Prévention et mesures individuelles
En attendant des réponses plus précises sur les causes de la hausse, plusieurs mesures générales de prévention restent valables et peuvent réduire le risque de cancer colorectal :
- maintenir un poids de forme et pratiquer une activité physique régulière ;
- favoriser une alimentation riche en fibres (fruits, légumes, céréales complètes) et limiter les aliments ultratransformés et la viande rouge consommée en excès ;
- réduire la consommation d’alcool et cesser de fumer ;
- limiter les prescriptions d’antibiotiques non indispensables et privilégier une utilisation raisonnée en concertation avec le médecin ;
- réaliser un bilan médical en cas de symptômes persistants ou d’antécédents familiaux.
Ce que disent les spécialistes
Des chercheurs comme Helen Coleman (Queen’s University de Belfast) ou Jenny Seligmann (Université de Leeds) soulignent l’urgence d’approfondir les études épidémiologiques et biologiques. Ils rappellent que, même si la croissance des cas chez les jeunes est préoccupante, le point de départ de cette hausse restait « très bas » et que la majorité des cancers colorectaux touche encore les personnes âgées. L’objectif des équipes de recherche est désormais de mieux caractériser les sous‑types tumoraux, d’identifier des marqueurs de risque et, à terme, de proposer des stratégies de prévention ciblées.

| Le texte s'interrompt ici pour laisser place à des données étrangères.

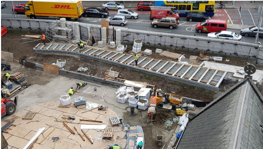
Image from roof of Christchurch Cathedral of works in progress

The Parks Service managed the re-development of the grounds of Christchurch Cathedral which was part funded by a grant from Failte Ireland.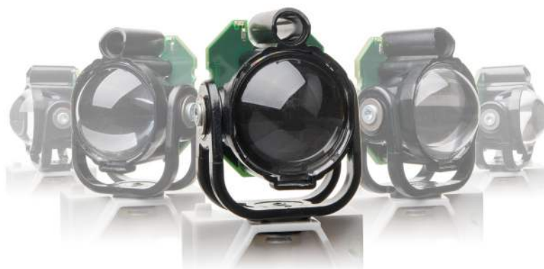
Easy mechanical Horizontal adjustment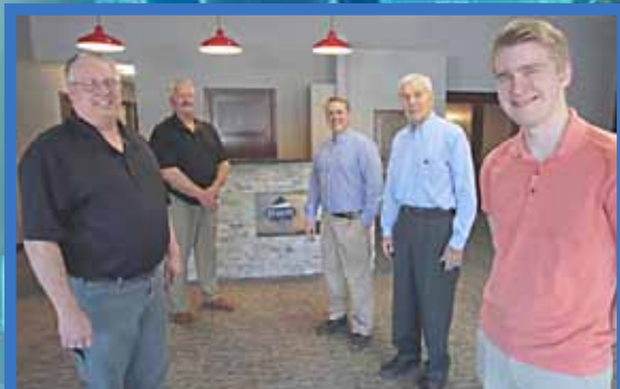
The BWR Innovations Management Team.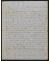
Letter: To P.T. Barnum from Rembrandt Peale, October 25, 1851 (2003.009.077)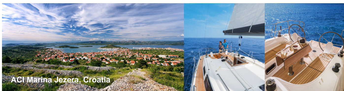
ACI Marina Jezera, Croatia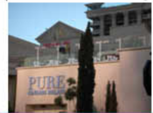
Infratech Heaters at Las Vegas' famed Caesar's Palace.

Message aux patients et aux proches
Les personnalités touchées par la maladie, comme James Van Der Beek ou Chadwick Boseman avant lui, ont contribué à sensibiliser le grand public. Elles rappellent qu’il ne faut pas banalyser des signes qui persistent et qu’une consultation précoce peut sauver des vies. Si vous observez des symptômes inhabituels ou durables, prenez rendez‑vous avec votre médecin : un bilan adapté permettra d’écarter ou de confirmer une pathologie et d’engager la prise en charge la plus appropriée.
Perspectives
La hausse des cancers colorectaux chez les générations nées à partir des années 1980 demeure une énigme pour la communauté scientifique. Les avancées sur le rôle du microbiote et des signatures mutagènes comme celle liée à la colibactine sont prometteuses, mais nécessitent des validations supplémentaires. Dans les années à venir, la combinaison d’études épidémiologiques à grande échelle, d’analyses moléculaires et d’investigations environnementales sera essentielle pour décrypter ce phénomène, adapter les politiques de dépistage et développer des mesures de prévention plus efficaces.
En attendant, l’information, la prévention et la vigilance individuelle restent des outils clés : reconnaître les symptômes, discuter des antécédents familiaux avec son médecin et maintenir un mode de vie favorable à la santé intestinale sont des gestes concrets que chacun peut adopter.